RECKONING: Reasoning through Dynamic Knowledge Encoding
Long-context reasoning requires accurately identifying relevant information in extensive, noisy input contexts. Previous research shows that using test-time learning to encode context directly into model parameters can effectively enable reasoning over noisy information. However, meta-learning methods for enabling test-time learning are prohibitively memory-intensive, preventing their application to long context settings.
In this work, we propose PERK (Parameter Efficient Reasoning over Knowledge), a scalable approach for learning to encode long input contexts using gradient updates to a lightweight model adapter at test time. Specifically, PERK employs two nested optimization loops in a meta-training phase. The inner loop rapidly encodes contexts into a low-rank adapter (LoRA) that serves as a parameter-efficient memory module for the base model. Concurrently, the outer loop learns to use the updated adapter to accurately recall and reason over relevant information from the encoded long context.
Our evaluations on several long-context reasoning tasks show that PERK significantly outperforms the standard prompt-based long-context baseline, achieving average absolute performance gains of up to 90% for smaller models (GPT-2) and up to 27% for our largest evaluated model, Qwen-2.5-0.5B. In general, PERK is more robust to reasoning complexity, length extrapolation, and the locations of relevant information in contexts. Finally, we show that while PERK is memory-intensive during training, it scales more efficiently at inference time than prompt-based long-context inference.
To scale the training of larger and more capable test-time learning models, we propose PERK, which uses a parameter-efficient test-time adaptation to reduce both the size and amount of gradient unrolling required during optimization. Specifically, in the inner and outer loops, we only optimize a parameter-efficient adapter, LoRA, to encode the contexts, and we apply truncated gradient unrolling to reduce the memory cost of backpropagating through the inner loop.
We set the test time learning objective (thus also the inner loop objective) to Causal Language Modeling (CLM) of the context, and set the adaptation algorithm $Alg$ to only update the LoRA parameters. The adaptation algorithm computes the gradients on a batch of sub-sequences from the full context sequence. This compression as a parallel batch(or multiple batches) allows us to process lengthy sequences beyond the model's context window.
In the outer loop, we optimize the meta parameters of the LoRA module to learn from the corresponding distribution of reasoning problems. The optimal meta parameters minimize the expected reasoning loss of the adapter's adaptation to each reasoning problem, where the adaptation here is the parameter-efficient CLM adaptation of the LoRA meta parameters to the context.

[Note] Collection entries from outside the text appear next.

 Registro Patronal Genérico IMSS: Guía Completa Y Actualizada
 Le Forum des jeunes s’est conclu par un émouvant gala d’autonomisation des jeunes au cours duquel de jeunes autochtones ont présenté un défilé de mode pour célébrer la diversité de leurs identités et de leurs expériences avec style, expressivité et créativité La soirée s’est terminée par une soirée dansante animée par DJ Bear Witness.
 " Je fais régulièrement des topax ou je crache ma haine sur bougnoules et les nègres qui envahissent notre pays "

To optimize the outer loop objective with gradient-based methods, we need to differentiate through the inner loop adaptation algorithm $Alg$, which involves higher-order derivatives and saving the complete trajectory to compute the meta-gradient. However, this creates high memory costs, capping the method's applicability. To reduce memory costs, we truncate the backpropagation for the meta-gradient computation. In particular, we run the inner loop optimization for all $N$ specified update steps, but only store the computational graph for the last $T \leq N$ steps.
PERK demonstrates strong performance on long-context reasoning tasks, significantly outperforming standard prompt-based baselines. Our evaluations show that PERK achieves substantial performance gains across different model sizes and reasoning complexities. We empirically evaluate PERK's long-context reasoning capabilities in two challenging scenarios: reasoning over (1) Needles-in-a-Haystack (NIAH with BabiLong) and (2) Drops-in-an-Ocean (DIO), a novel long context evaluation setting we propose.

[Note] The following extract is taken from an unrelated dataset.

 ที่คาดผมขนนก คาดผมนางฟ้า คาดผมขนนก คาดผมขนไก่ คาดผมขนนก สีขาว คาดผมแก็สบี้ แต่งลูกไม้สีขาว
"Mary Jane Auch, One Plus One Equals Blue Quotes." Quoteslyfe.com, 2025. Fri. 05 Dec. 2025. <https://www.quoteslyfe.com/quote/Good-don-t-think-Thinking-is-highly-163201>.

We first evaluate PERK on reasoning over Needles-in-a-Haystack using the BabiLong framework for assessing models' reasoning abilities across relevant and distractor facts scattered in very long documents. We mainly focus on tasks involving single-hop (QA1), two-hop (QA2), and three-hop (QA3) reasoning.

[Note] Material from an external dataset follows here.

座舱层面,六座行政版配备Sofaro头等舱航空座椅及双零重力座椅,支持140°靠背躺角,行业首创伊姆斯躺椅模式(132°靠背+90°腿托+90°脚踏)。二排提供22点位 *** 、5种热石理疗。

PERK outperforms all baselines in all cases we test (across all models), including when compared to larger models. PERK (GPT-2) outperforms even FT-ICR (Qwen) and FT-ICR (Mamba-1.4B) for all task complexities and context lengths, with an average 20% absolute performance gain. PERK (Qwen) achieves the highest accuracy across all task complexities (QA1, QA2, QA3) and context lengths (1K to 8K). PERK is also more robust to increasing context length and task complexity than the baselines.
To address the fundmental limitation of Needle-in-a-Haystack datasets
where the target information often exhibits stylistic differences from surrounding irrelevant text,
forming an artificially simple test for identifying relevant information,
wepropose Drops-in-the-Ocean (DIO),
a new evaluation setting that forms long contexts from structurally similar documents.
We construct a synthetic dataset, Student Records,
where each context simulates a database containing multiple student records.
Each record includes several attributes: ID, name, school, major, and grade.
Context length scales directly with the number of student records included.
We define evaluation tasks of varying complexity:
(1) Recall (retrieving attributes for a specific ID),
(2) Relation (comparing attributes between two IDs), and
(3) Aggregate (calculating the maximum, minimum, and average grade across all students).
PERK models again outperform all baselines.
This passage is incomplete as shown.